Get advice and support with infant feeding from other users here.

Do you enjoy bottlefeeding? Am I alone?

273 replies

peaches27 · 18/04/2006 23:00

I have always felt a little put off by people who are so overenthusiastic about breastfeeding that I just cannot fathom them out. All I can remember are the cracked, sore nips, feeding for hours on end, leaking milk and generally feeling that my life was not my own. Where was the "almost orgasmic sensation at let down"? I dont think I even remember feeling a sensation, apart from dread at approaching the carrycot. When I tearfully gave up the struggle and gave DS a bottle it was love at first sight for both of us. Finally he was satisfied and full. Finally I was comfortable and got my life back. As I am typing this I can almost feel the righteous indignation of the breastfeeders.

Can you please accept that it is not the same wonderful experience for everyone and if we want to give up because we hate it we shouldnt be made to feel guilty as several generations have grown up perfectly healthily on formula. (Breastfeeders now search for statistics which prove that breastfed people are healthier).

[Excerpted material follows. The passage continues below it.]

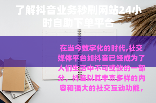 在当今数字化的时代,社交媒体平台如抖音已经成为了人们生活中不可或缺的一部分,抖音以其丰富多样的内容和强大的社交互动功能,吸引了数以亿计的用户,而随着抖音的火爆,与之相关的一些业务也应运而生,其中就包括抖音业务秒刷网站24小时自助下单平台。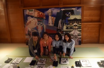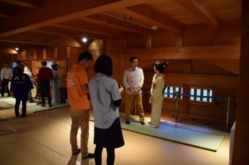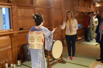 五十間長屋内ではお茶屋遊び体験や書道体験、芸妓さんとの記念撮影が行われました。

I am writing this and viewing the subject with a very long perspective. I last breastfed in 1982. It was very fashionable then and I felt a failure when it didnt work and I didnt feel the same as the people in the pregnancy books or the NCT/LLL leaflet. (BTW in those days I didnt live in a posh enough part of the city to access NCT/LLL). This feeling of failure was compensated by the happy healthy infant who thrived on formula and also the extra free time I had even after preparing feeds!

I am raising my grandkids and obviously my DGD has formula just like her mummy did. I love giving her those bottles, especially the night ones when its just the two of us. She is happy too.

Anyone else share this experience?

OP posts:
puff · 19/04/2006 22:42

I think I parped myself off this thread but just returned to note that personally insulting tiktok and hunker with the label "pathetic" is laughable.

JoolsToo · 19/04/2006 22:47

Squarer - please pass on my regards to peaches and my admiration for what she's doing (from one grandmother to another Smile)

Squarer · 19/04/2006 22:54

I will certainly do that Jools - I know she will not be on Mumsnet for a while as she is in court over custody issues. I am she will appreciate your sentiments Smile

Squarer · 19/04/2006 22:54

am sure* she

puff · 19/04/2006 22:56

I must second Jools, although I'm not a grandmother (yet!) Grin

tiktok · 20/04/2006 09:29

Pramfilla - the post you quoted in full (why?) from me wasn't judging peaches or anyone else for feeding methods. I was making the point that peaches' OP was inflammatory and gave examples of phrases and sentences which backed up my view.

This is not bullying.

I don't know peaches though it sounds from what others say of her life that she's doing a fantastic and difficult job. But this does not mean I am prepared to accept sneers like 'the righeous indignation of the breastfeeders' without comment.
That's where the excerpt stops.